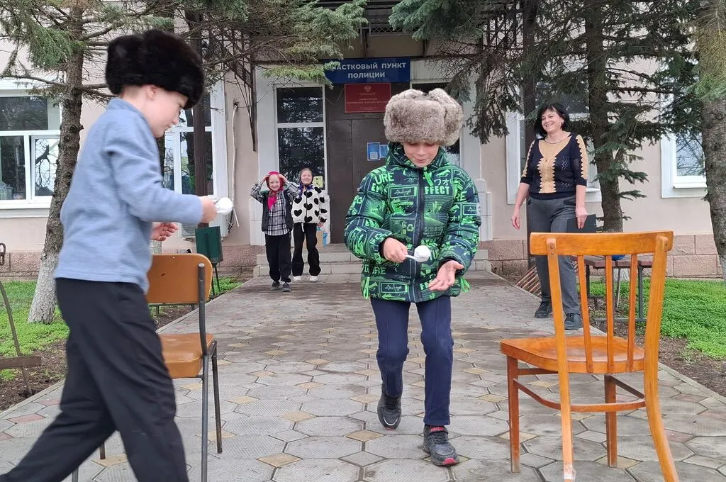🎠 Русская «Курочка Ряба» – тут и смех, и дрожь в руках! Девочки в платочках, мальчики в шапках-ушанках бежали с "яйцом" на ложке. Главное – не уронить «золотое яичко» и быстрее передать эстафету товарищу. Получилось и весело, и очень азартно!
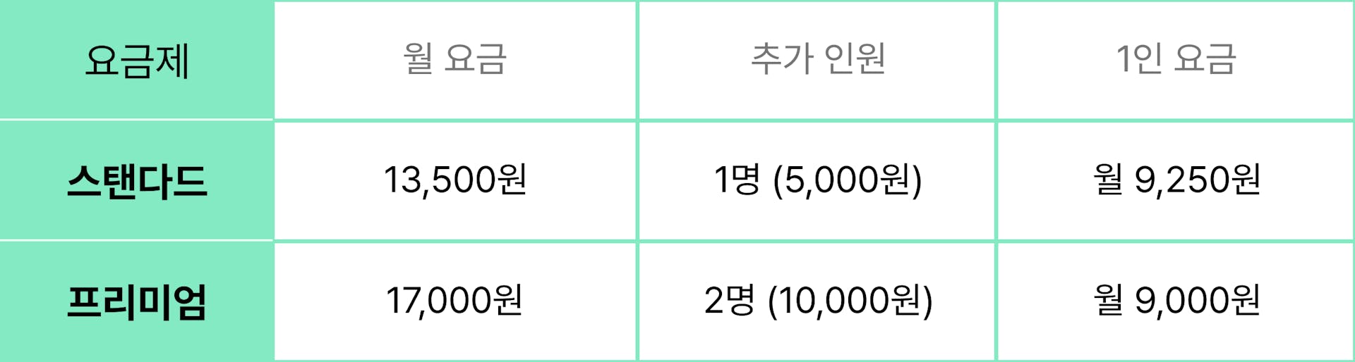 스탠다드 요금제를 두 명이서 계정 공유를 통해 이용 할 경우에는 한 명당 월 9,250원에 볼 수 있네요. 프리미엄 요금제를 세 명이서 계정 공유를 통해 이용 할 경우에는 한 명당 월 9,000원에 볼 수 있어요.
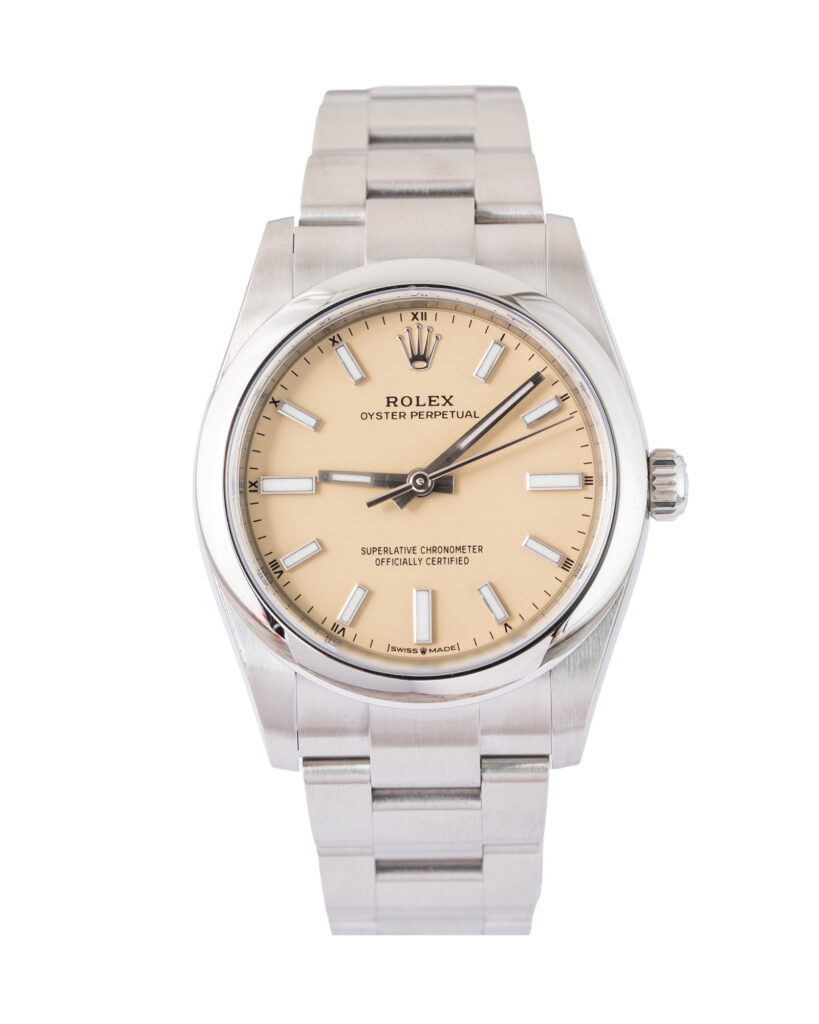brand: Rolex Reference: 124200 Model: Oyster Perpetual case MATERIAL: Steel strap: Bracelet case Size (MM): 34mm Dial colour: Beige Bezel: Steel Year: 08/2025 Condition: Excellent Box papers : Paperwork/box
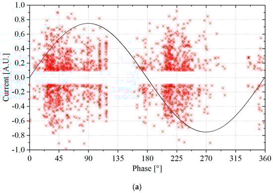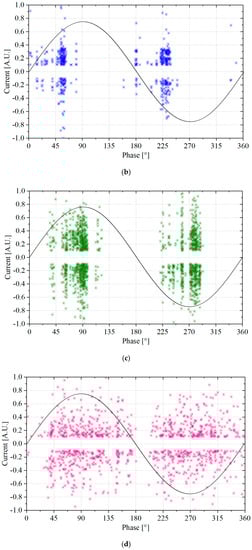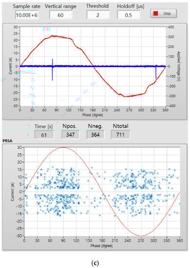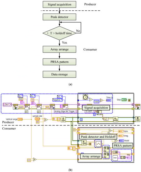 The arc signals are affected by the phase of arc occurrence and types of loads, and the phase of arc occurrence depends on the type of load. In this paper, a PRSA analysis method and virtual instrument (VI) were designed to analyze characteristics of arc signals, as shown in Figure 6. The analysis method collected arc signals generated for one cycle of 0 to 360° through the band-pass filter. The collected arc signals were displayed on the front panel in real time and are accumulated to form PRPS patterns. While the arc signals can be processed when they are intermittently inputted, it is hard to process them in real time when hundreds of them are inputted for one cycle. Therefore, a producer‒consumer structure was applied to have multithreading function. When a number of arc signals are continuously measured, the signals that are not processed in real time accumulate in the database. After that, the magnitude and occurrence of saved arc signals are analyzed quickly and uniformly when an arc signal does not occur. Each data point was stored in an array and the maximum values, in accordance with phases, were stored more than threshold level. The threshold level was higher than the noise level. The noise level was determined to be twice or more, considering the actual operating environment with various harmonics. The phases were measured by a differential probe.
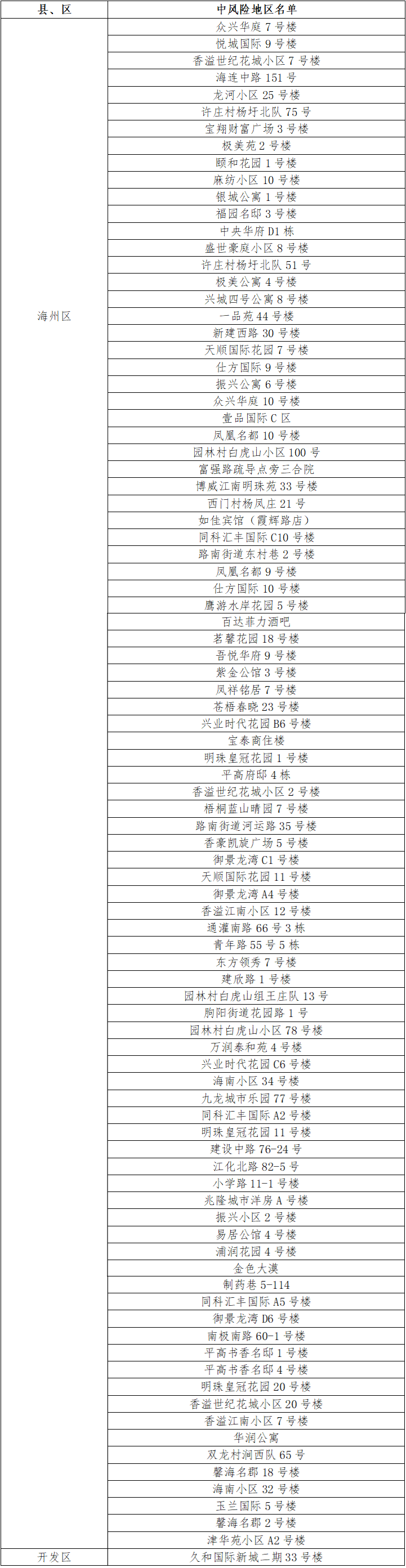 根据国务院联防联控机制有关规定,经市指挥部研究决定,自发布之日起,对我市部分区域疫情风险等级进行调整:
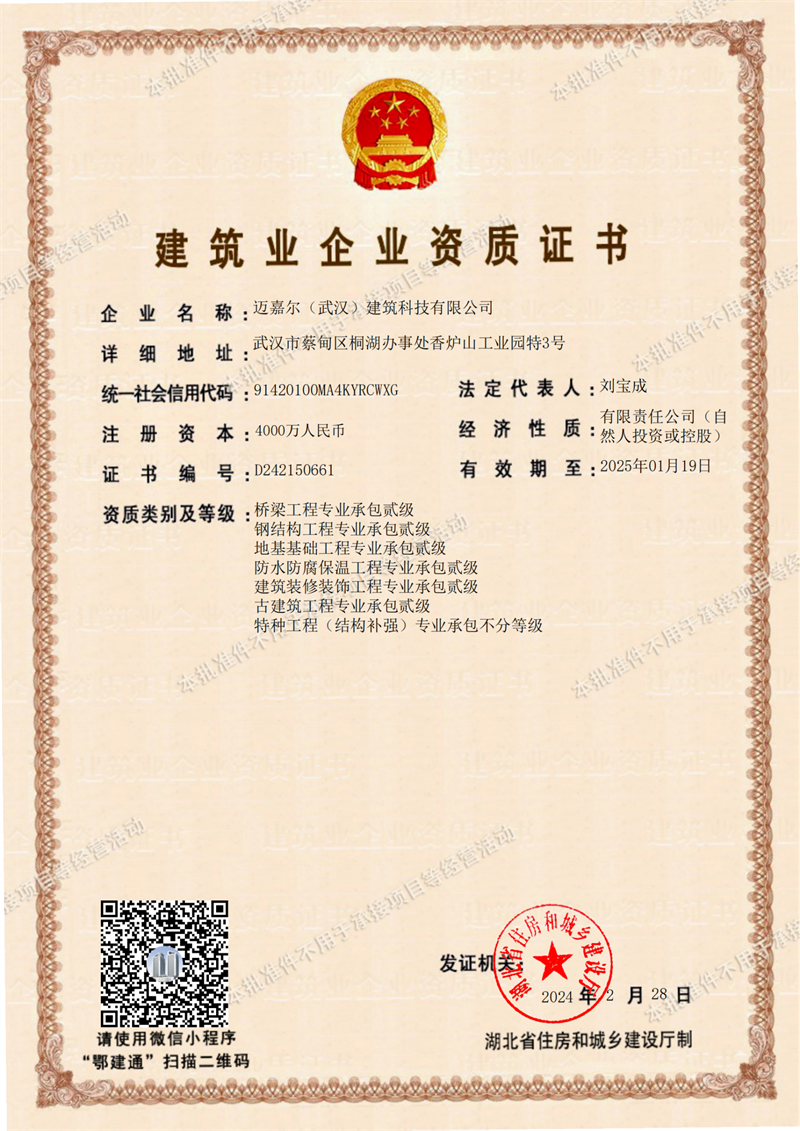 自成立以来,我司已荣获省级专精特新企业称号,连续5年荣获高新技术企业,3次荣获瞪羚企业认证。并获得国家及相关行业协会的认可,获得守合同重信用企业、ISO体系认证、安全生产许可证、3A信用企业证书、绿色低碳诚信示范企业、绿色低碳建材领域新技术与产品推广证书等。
--
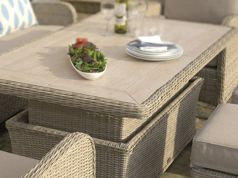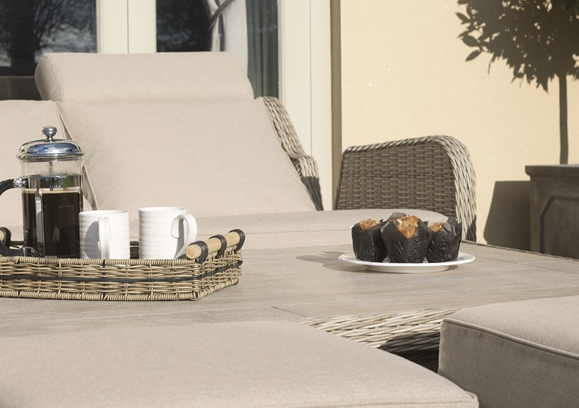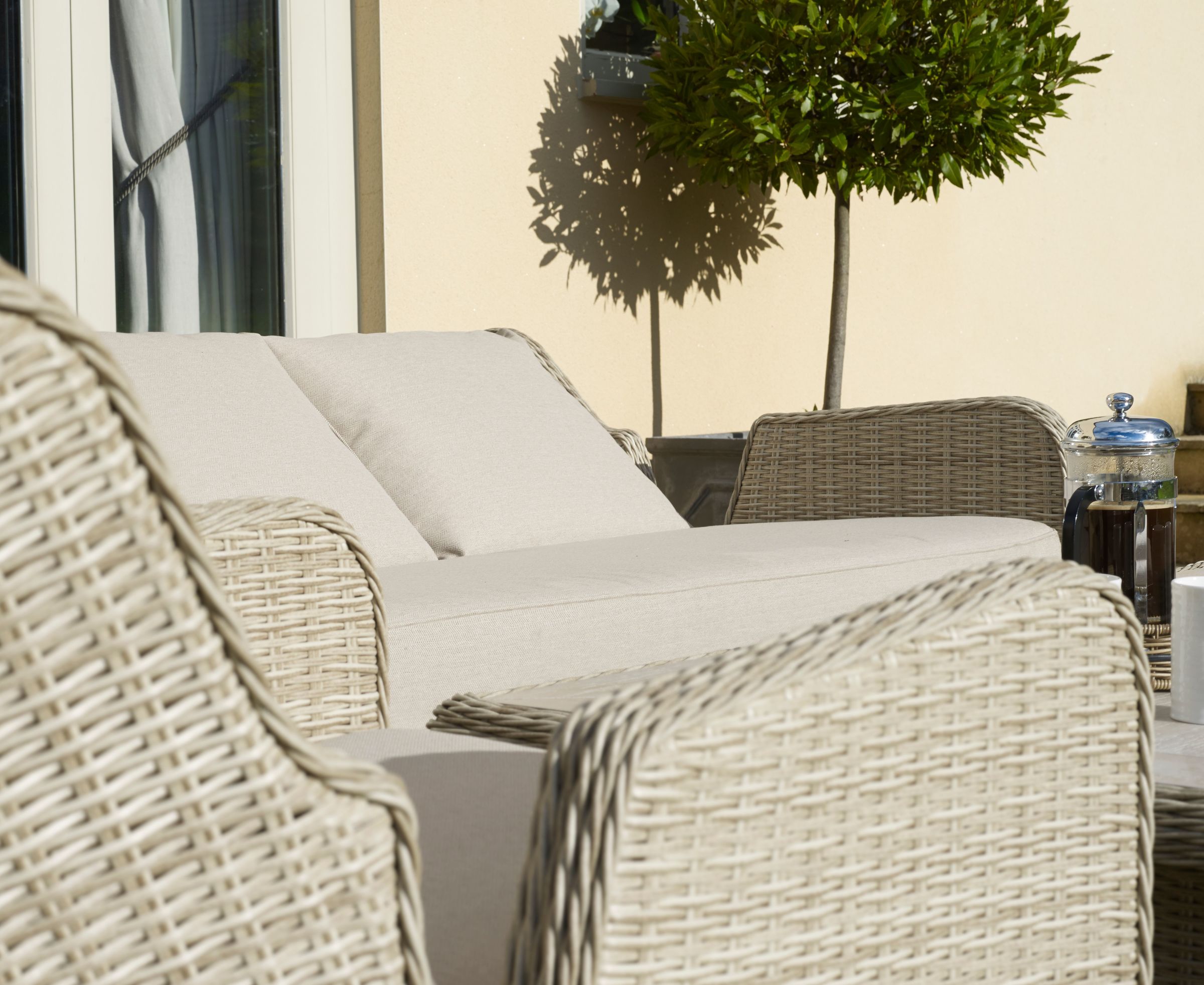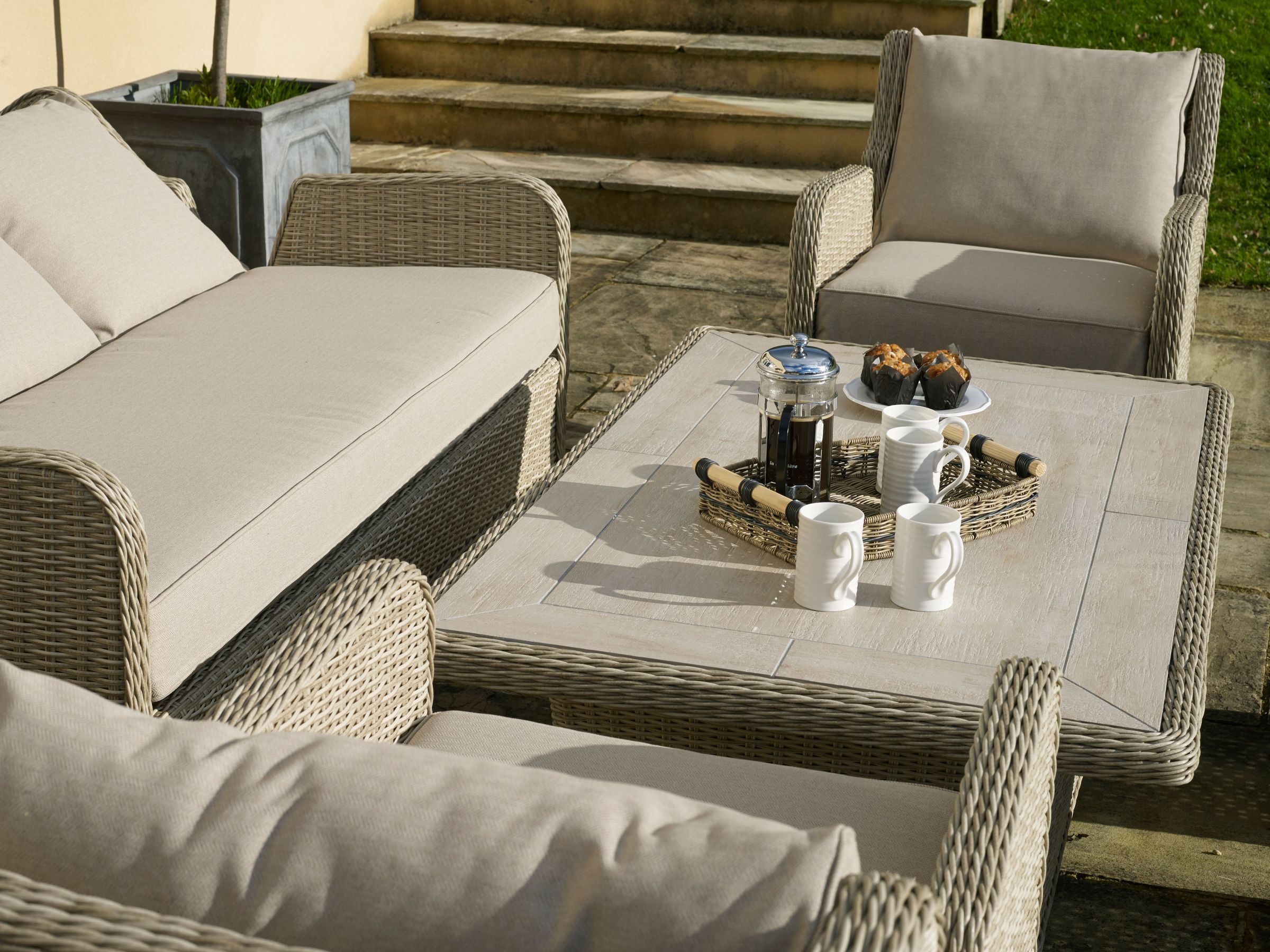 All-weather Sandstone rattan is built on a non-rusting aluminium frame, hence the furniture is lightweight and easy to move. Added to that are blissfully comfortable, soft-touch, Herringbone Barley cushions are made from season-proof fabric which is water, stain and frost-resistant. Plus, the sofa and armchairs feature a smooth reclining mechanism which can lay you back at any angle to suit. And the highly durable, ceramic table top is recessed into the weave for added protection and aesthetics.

What to work on:
Of the records above, print only the lines from the one containing "и очень азартно!" through the one containing "스탠다드 요금제를 두", inclusive and unaltered, leaving out pictures.

Answer area:
🎠 Русская «Курочка Ряба» – тут и смех, и дрожь в руках! Девочки в платочках, мальчики в шапках-ушанках бежали с "яйцом" на ложке. Главное – не уронить «золотое яичко» и быстрее передать эстафету товарищу. Получилось и весело, и очень азартно!
 스탠다드 요금제를 두 명이서 계정 공유를 통해 이용 할 경우에는 한 명당 월 9,250원에 볼 수 있네요. 프리미엄 요금제를 세 명이서 계정 공유를 통해 이용 할 경우에는 한 명당 월 9,000원에 볼 수 있어요.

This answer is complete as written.